In these phases, the plate generator has some more work: It does not only need to make sure that no holes are covered, but also that every field that wants to be covered by a plate actually is covered. This works by searching for suitable plates in the vicinity of each uncovered position and pulling one of them there if it fits.

I originally planned to pre-process the plate positions in a Python script and only store the final position data in the executable, but I soon found out that the required amount of position data is too large to be stored (about 30 kb uncompressed). So I rewrote the whole plate generation in C and put it directly into the intro.

Effect #7: Crystal cubes

This scene is my attempt at a refraction effect. Even though it looks like proper refraction, it actually isn’t – it’s just an approximation that is barely good enough.
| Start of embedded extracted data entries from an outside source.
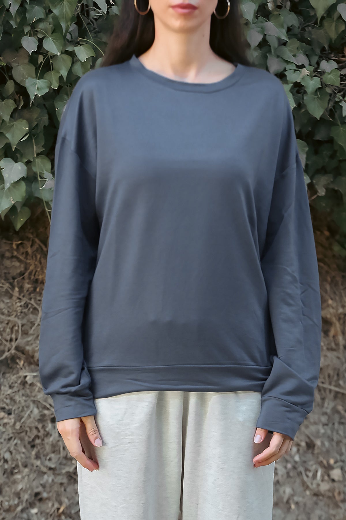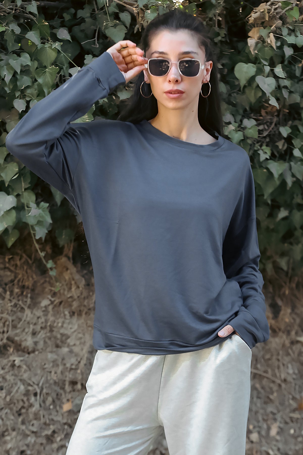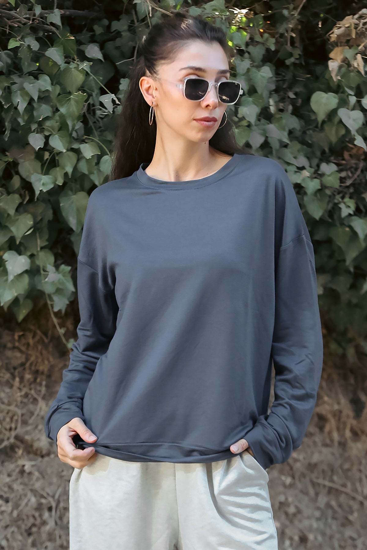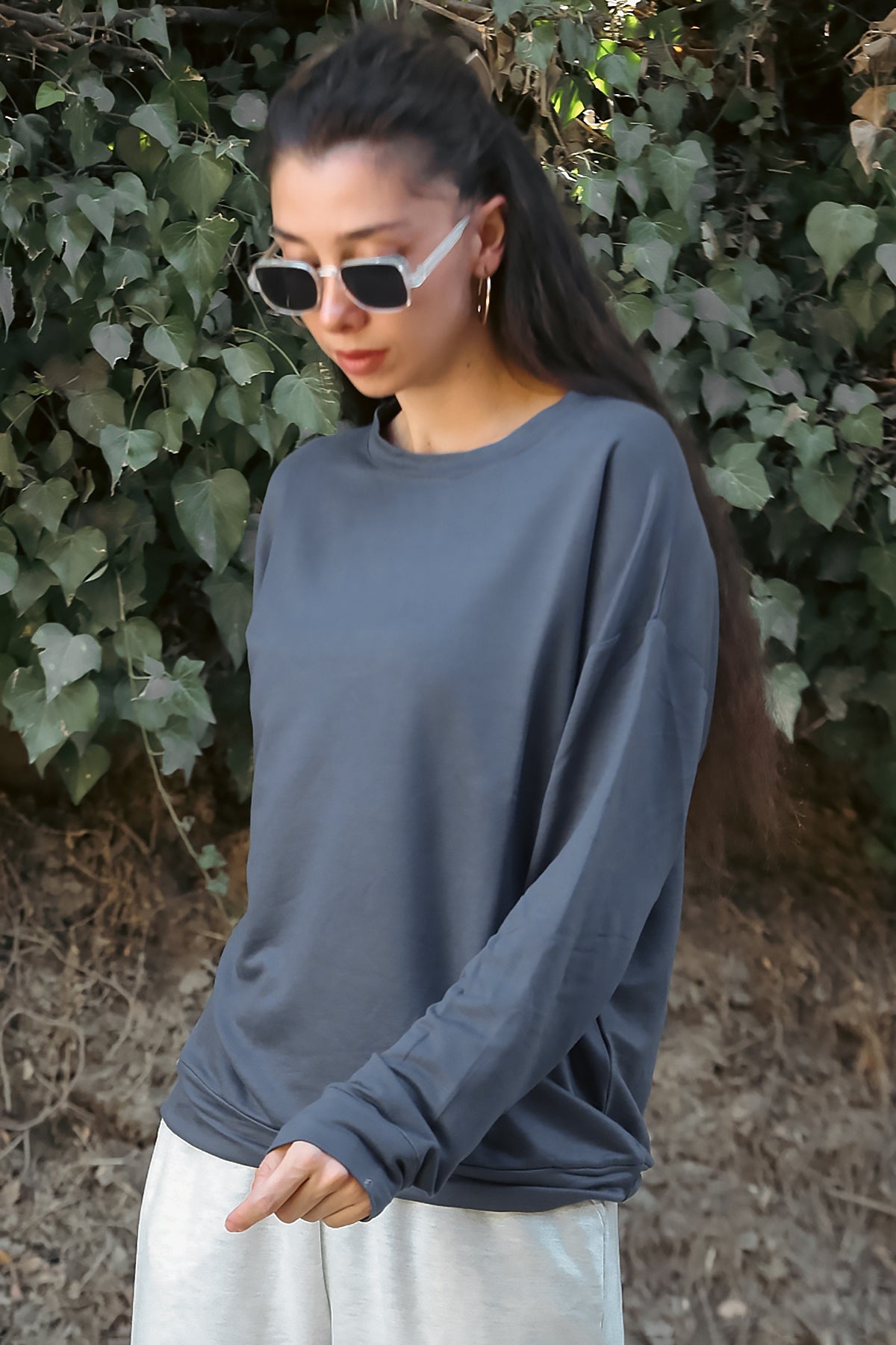 Kadın Owersize Bisiklet Yaka Sweet Füme
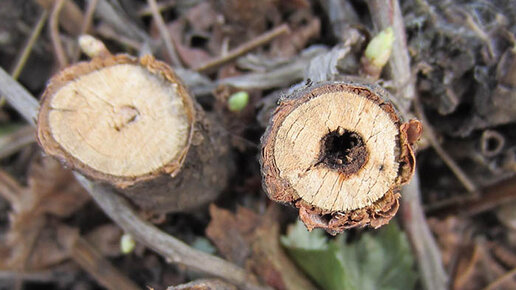 Во время обрезки кустов смородины убирают старые и больные ветки, формируют крону растения. По цвету древесины на срезах можно увидеть, как перезимовало растение, какие у него проблемы в росте и развитии. Срезы черного цвета – признак серьезной болезни смородины. Черная древесина внутри ветки показывает, что в смородиновом кусте завелся вредитель стеклянница. Стеклянница это небольшая (размах крыльев около 2 см) бабочка, по виду похожая на осу. Туловище у нее черного цвета, с небольшими желтыми полосками...
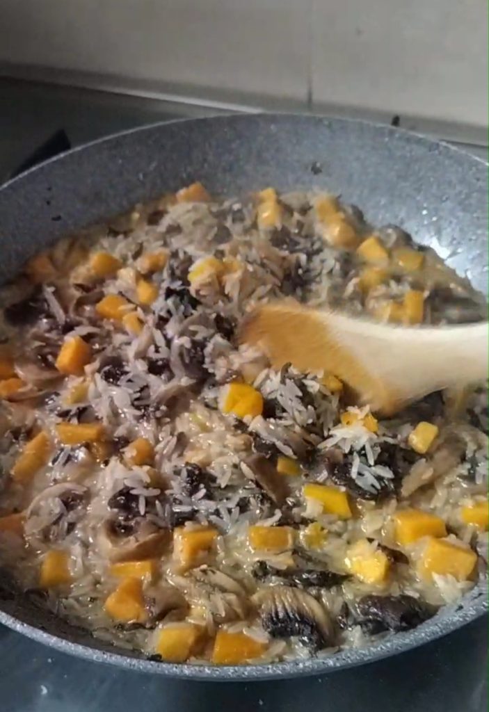 Een heel eenvoudig gerecht, met weinig ingrediënten, maar dat je zal verrassen met zijn bijzondere smaak. Ik heb champignons gebruikt, die een delicatere smaak hebben en de pompoen niet overheersen, maar als je van sterkere smaken houdt, kun je ook porcini gebruiken.
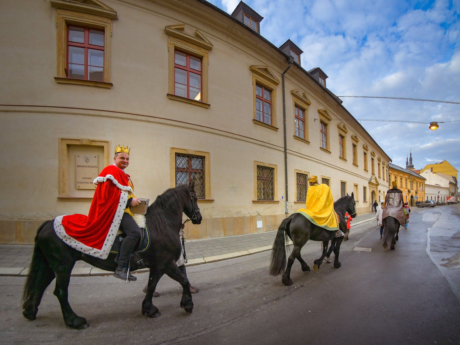 Na začátku svého putování po Olomouci se tři králové pokloní narozenému králi v jeslích v katedrále svatého Václava. Poté vyrazí tříkrálový průvod v čele s hejtmanem, primátorem a biskupem v doprovodu zpěváků na Horní náměstí k radnici, kde proběhne společný program tří králů a sboru opery a operety Moravského divadla Olomouc pod vedením Lubomíry Hellové.
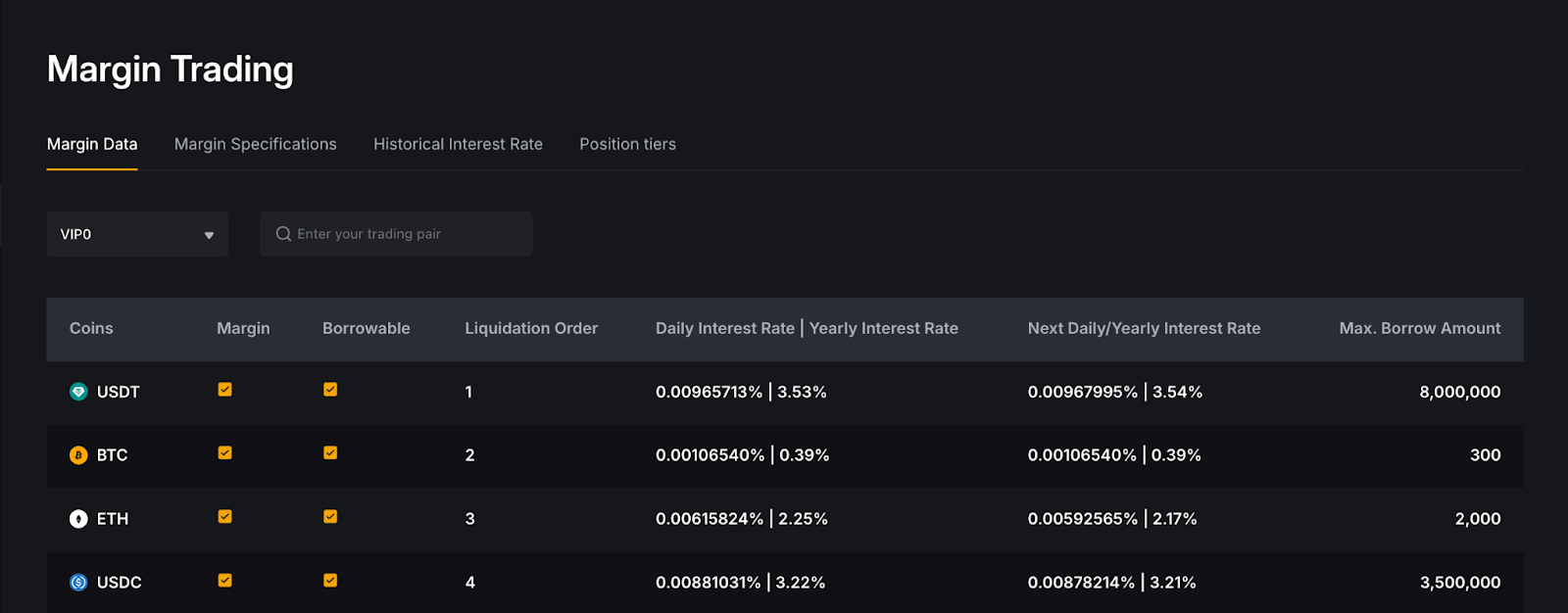 Harap dicatat bahwa tarif bunga bervariasi setiap hari. Selain itu, setiap tingkat VIP akan menikmati tarif bunga harian dan tahunan yang berbeda. Anda dapat merujuk pada tarif bunga harian, tarif bunga tahunan, dan jumlah maksimum yang dapat dipinjam untuk setiap koin di sini.

Unlike most other refraction implementations I found on the internet, I wanted to take the actual depth of the refracting object into account. So I use a two-pass method: First, the back faces of the refracting cubes are drawn into a secondary buffer. In this pass, the normals at each point are encoded into color values and the depth is encoded as the alpha value; actual lighting computation don’t take place yet. In the second pass, which draws the front faces of the crystal cubes, the pixel shader has a lot more work to do. First, it uses the normal vector at each pixel to computeapproximate the direction of the refracted ray. Based on the difference of the depth at the current pixel (which is the depth at the point where the light ray enters the crystal cube) and the alpha value the current pixel in the secondary buffer (which is the depth at the back side of the cube), the vector is scaled so that it contains the approximate screen-space x/y position of the point where the ray leaves the crystal cube. The secondary buffer is read again to extract the normal vector and refract the ray again. The final ray’s direction vector is then used to fetch a pixel from the background buffer. Specular lighting is added to that value before it’s written into the color buffer.

Effect #8: Heightfield »Game of Life«

The idea to map Conway’s Game of Life on an animated heightfield is based on inspiration from a friend. I think I don’t need to say much about the Game of Life aspects of the scene, because everybody should know that cellular automaton. The animations and the heightfield are the interesting aspects here.

The animations are done by trying to find a matched pair of neighboring born and dying cells after each generation of the game. If no such pair can be found, the cell gets born or dies by simply changing the height of the associated spot.

Rendering is done in two steps: Dead cells without living neighbors are drawn using a single quad. The rough structure of the ground is generated in a pixel shader. Cells that are alive or have at least one living neighbor are drawn from a static moderately-tesselated flat square mesh (289 vertices). The actual heightmap is applied in the vertex shader. Initially, I planned to use Vertex Texture Fetch for this, but in the end, I came up with a better solution: Since the shape of the hills is just a polynomial, I can of course compute it right in the vertex shader. For this reason, the shader receives only a list of the position and height of all hills in the 9 surrounding cells. The effective height of each vertex is the sum of the height functions for all 9 hills. If there are less then 9 surrounding hills for a cell, they are simply set to zero height. The normal vector is computed by taking 4 additional samples and calculating the cross product, just like in the first spikeball scene.

That’s it!

That’s it – now you know the basic principles how the effects in the intro are implemented. If you have any further questions, don’t hesitate to ask.